SNPs project

Objectives
Materials

Sequences data
SNPs data

Methods

OBJECTIVES

We have studied the distribution of SNPs among human genome, locating them in exons, introns or splicing sites and distinguishing the lasts between donor and acceptor ones.

The project is focused basically on the relationship between SNPs and splicing sites due to the possibility that a SNP placed there may cause a differential splicing and, so on, a non functional protein. This would be the origin of disease or susceptibility to some factors in some instances.

Our objectives were:

For every gene of the sequences folder, count the number of SNPs (total, in codificant regions and no codificant regions).
Count the number of SNPs in splicing sites.
Study the distribution of SNPs in human genome.

MATERIALS

The programs and the statistical analysis have been done in Perl language under Linux, a Unix-type operating system, while the web site has been done in HTML programming.

To work on the project we dispose of two data files:

SNPs location ( snpNih.txt and snpTsc.txt)
Exonic localization of 11500 human genes ( refseq.gff)

All data was provided by R.Guigó, who processed it from Human Genome Project Working Draft ( Golden Path). The original file with the genes is refGene.txt.

Sequences data

The original information on refGene.txt is structured this way:

Exemple:chr10 refseq cds 141296 141451 . + . NM_006624

And the folder we have worked with was designed in a more practical way, detailing the exons (CDS) for every gene (NM_gene) and chromosome.

Exemple: chr10 refseq cds 141296 141451 . + . NM_006624

SNPs data

We have two origin files, with the same structure:

Reference|Chromosome|Start SNP|End SNP|SNP_Reference

Exemple:585 chr1 33352 33353 9493

The aspect that differences one from another is the way the data has been obtained: at snpNih.txt we find overlap SNPs, therefore they were placed studying the differences in nucleotide sequence between overlap contig clones, while at snpTsc.txt the SNPs were positioned with random genomic reads.

METHODS

The objective was comparing an SNP file with the refseq.gff one to obtain the location of SNPs in genes, sorting them into exons, introns, acceptors or donor sites and to make with them statistical analysis later. We have worked with snpNih.txt although the program is applicable to both files.

Actually we have obtained two programs, one of them made thanks to J.A Abril.

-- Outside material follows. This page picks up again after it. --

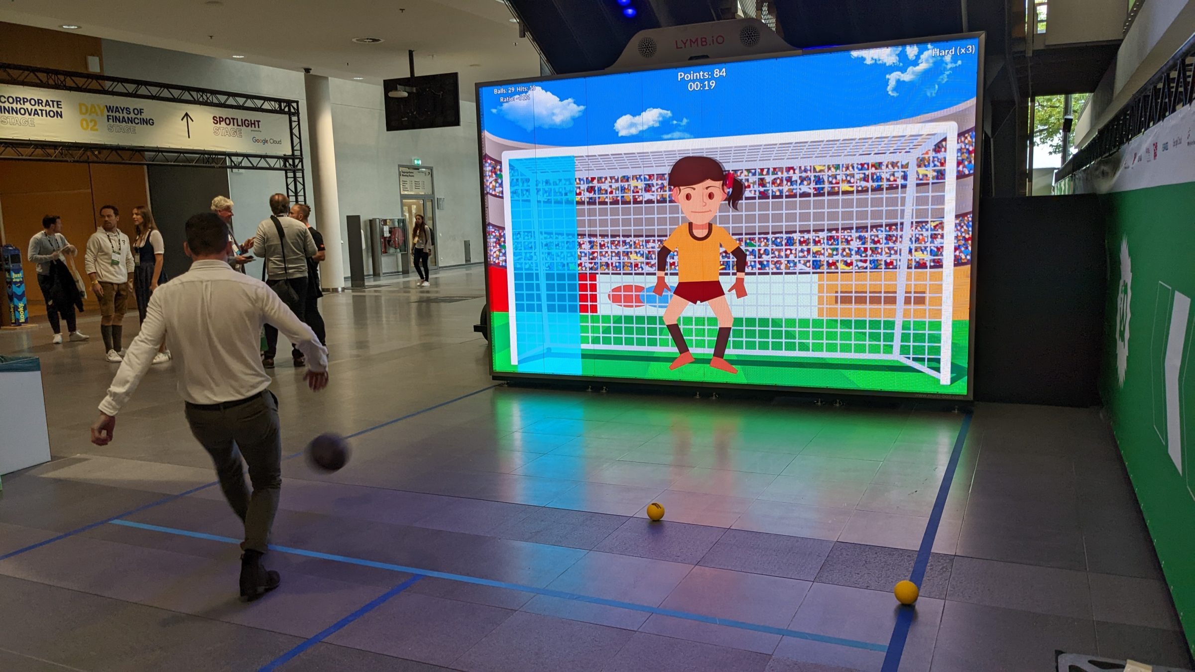 … bis zur großflächigen Demo. So können Besucher das Bewegungsspiel von Lymb.io live ausprobieren. Beim Torwandschießen messen Sensoren, an welcher Stelle der Ball eingeschlagen ist und vergeben Punkte abhängig davon, ob die Torhüterin überwunden werden konnte.

The script done with his collaboration has a higher level and in our opinion is more interesting to explain how it works. If you want to see the script's explanation click here.

However, this program consumes more computer memory and has been impossible to run it at our usually available computers. As both programs return comparable results the final statistics analysis has been done with the results from our script.

Statistical analysis requires running the statistical module.